The Roundhill Memory ETF (DRAM) has reached approximately $10 billion [1] in assets, marking the fastest accumulation of capital ever for an exchange-traded fund [2].
This surge reflects a shift in investor focus toward the physical infrastructure of artificial intelligence. While graphics processing units often dominate the AI conversation, memory supply has become a critical bottleneck for data center expansion.
According to TMX VettaFi, the fund's growth has been unprecedented [2]. The ETF hit $6 billion [3] in assets within five weeks of its launch earlier this month [4].

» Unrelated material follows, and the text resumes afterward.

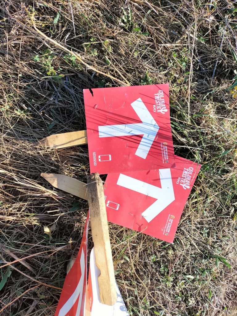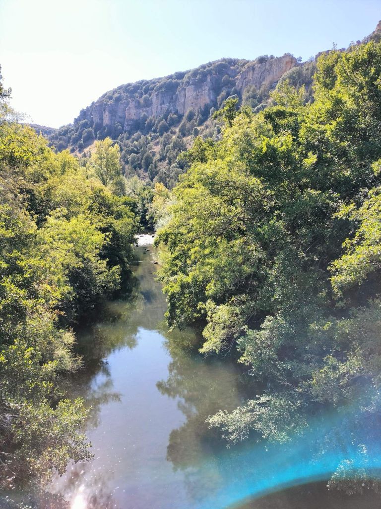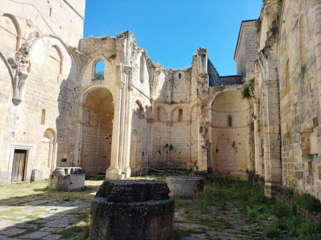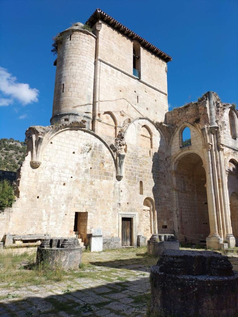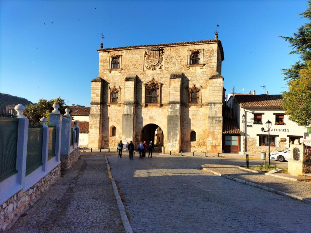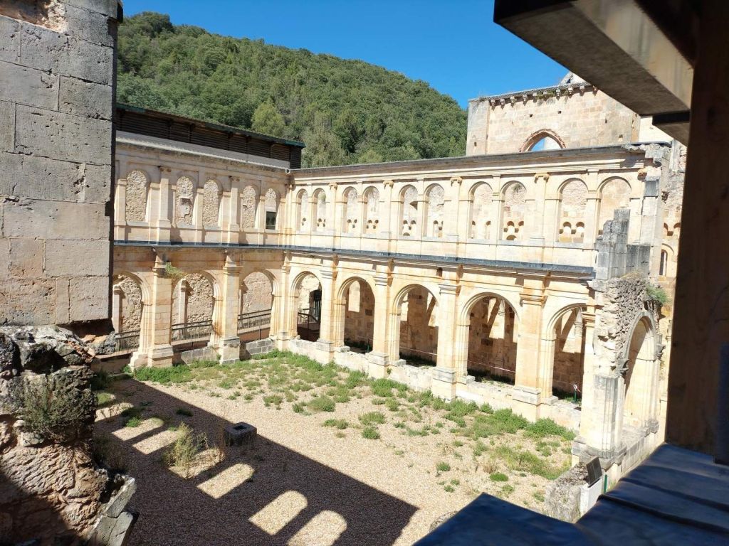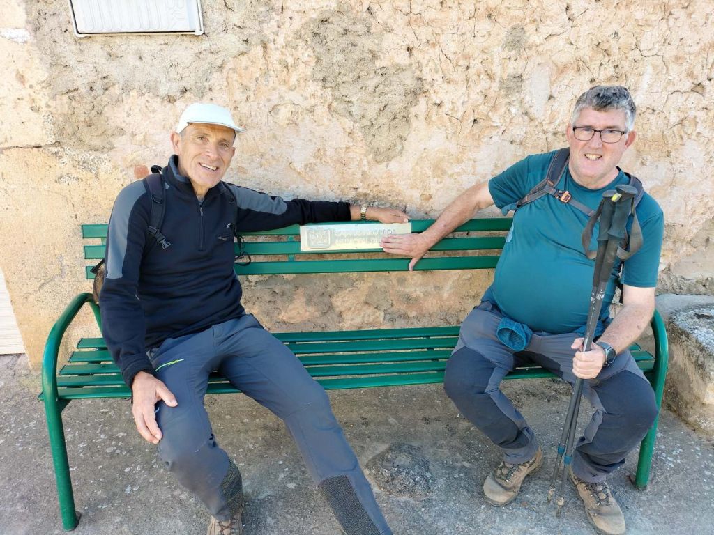 Inicio de la etapa, entrando al núcleo histórico de Covarrubias.Al poco de iniciar la marcha pasamos junto a una plantación de vides. La denominación de origen del vino de la zona es «Ribera del Arlanza» (rasposillo). Al principio el camino va cuesta arriba hasta llegar a …… Un alto que nos da vista a otro valle, donde está Retuerta. Al fondo se ve Peña Carazo, nuestro objetivo de mañana.Vista del valle donde está Retuerta y por donde discurre el río Arlanza.Ya vamos bajando hacia Retuerta. En la foto «el bueno, el feo y el malo», protagonistas de la celebre película de Sergio Leone. Adivinad que papel hace cada uno de ellos.A la entrada de Retuerta nos sorprende el estado de algunas casas.Pero nosotros seguimos adelante.Pareja de jubilados de la Muni disfrutando de un banco patrocinado por la !Caja de Ahorros Municipal!.A la salida de Retuerta seguimos un camino paralelo al río que se ve que ha servido para la prueba de ciclismo «Colina triste». En esta zona todo va de «Sad Hill», celebre cementerio de la película «El bueno, el feo y el malo». Habéis adivinado quien hace cada papel?, a qué estáis esperando!Seguimos por una senda que va al borde del río.Por aquí pasan varias rutas. Esta no es la nuestra.Fernando admirando está curiosa formación rocosa.Seguimos por el borde del río por una chopera. Poco después nos metemos en un marrón por no haber seguido el track y haber ido por la carretera.Río ArlanzaDesvío hacia la ermita de San PelayoErmita de San Pelayo. Más información en https://www.turismocastillayleon.com/es/patrimonio-cultura/iglesias-ermitas/ermita-san-pelayoVista del monasterio desde la ermitaVista había el rio Arlanza desde la ermitaDe repente nos ha aparecido en una ventana el guardián de la ermita. Menos mal que nos ha dejado marchar sin castigarnos por haber perturbado su descanso.Entrada al monasterio de San Pedro de Arlanza. Siglo X. Más información en https://es.wikipedia.org/wiki/Monasterio_de_San_Pedro_de_ArlanzaUno de sus claustrosZona de la iglesia, parcialmente derruidaVista del ábside de la iglesiaOtro claustroY a la salida del monasterio nos equivocamos al elegir el camino y seguimos uno que añade algo más de 2 km al recorrido y unos 120m de desnivel positivo. Lo peor no son la distancia, ni el desnivel añadido, ni tan siquiera el calor que ya calienta fuerte, sino el seguir adelante sin saber si en cada cruce elegíamos el camino correcto para llegar a donde queríamos ir.Aún así disfrutamos de la experiencia, atravesando un profundo y bonito valleCon curiosas formaciones rocosasDe vez en cuando el camino se empinaba mucho.Hasta que por fin llegamos a un punto en el que conectamos con la ruta prevista.A partir de ahí todo será coser y cantar; lo de cantar no es una frase hecha, con tanto corista!Por aquí también pasa el «Camino de San Olav» . Más información en https://caminodesanolav.es/es/contenido/?idsec=577Ya todo hacia abajoUna plantación de lavanda. Una pena que ya la hubiesen recolectado. Al fondo la Peña Carazo.Ya tenemos Covarrubias a la vista.Una foto del equipo casi completoLa misma foto con el miembro que faltaba.

Industry analysts suggest that the rush into the fund is driven by the scarcity of dynamic random-access memory. Invezz editorial said, "AI capacity buildouts are constrained by memory supply, not just GPUs" [5]. This supply constraint has contributed to a market where DRAM prices have surged nearly fivefold [6].
The ETF provides concentrated exposure to the few companies capable of meeting this demand. Samsung, SK Hynix, and Micron together hold about 75% [7] of the ETF’s assets [8].
Retail investors have flooded into the fund as they seek ways to capitalize on the AI boom beyond traditional chipmakers [8]. The rapid influx of capital underscores the perceived urgency of the memory shortage in the global tech supply chain.
“The Roundhill Memory ETF (DRAM) just reached $10 billion in assets at the fastest pace ever for an exchange-traded fund”
The record-breaking growth of the DRAM ETF signals that the market is pricing in a prolonged shortage of high-bandwidth memory. By concentrating 75% of its assets in three companies, the fund creates a direct financial link between the physical limits of semiconductor fabrication and investor returns, highlighting how a single hardware bottleneck can dictate the pace of AI deployment.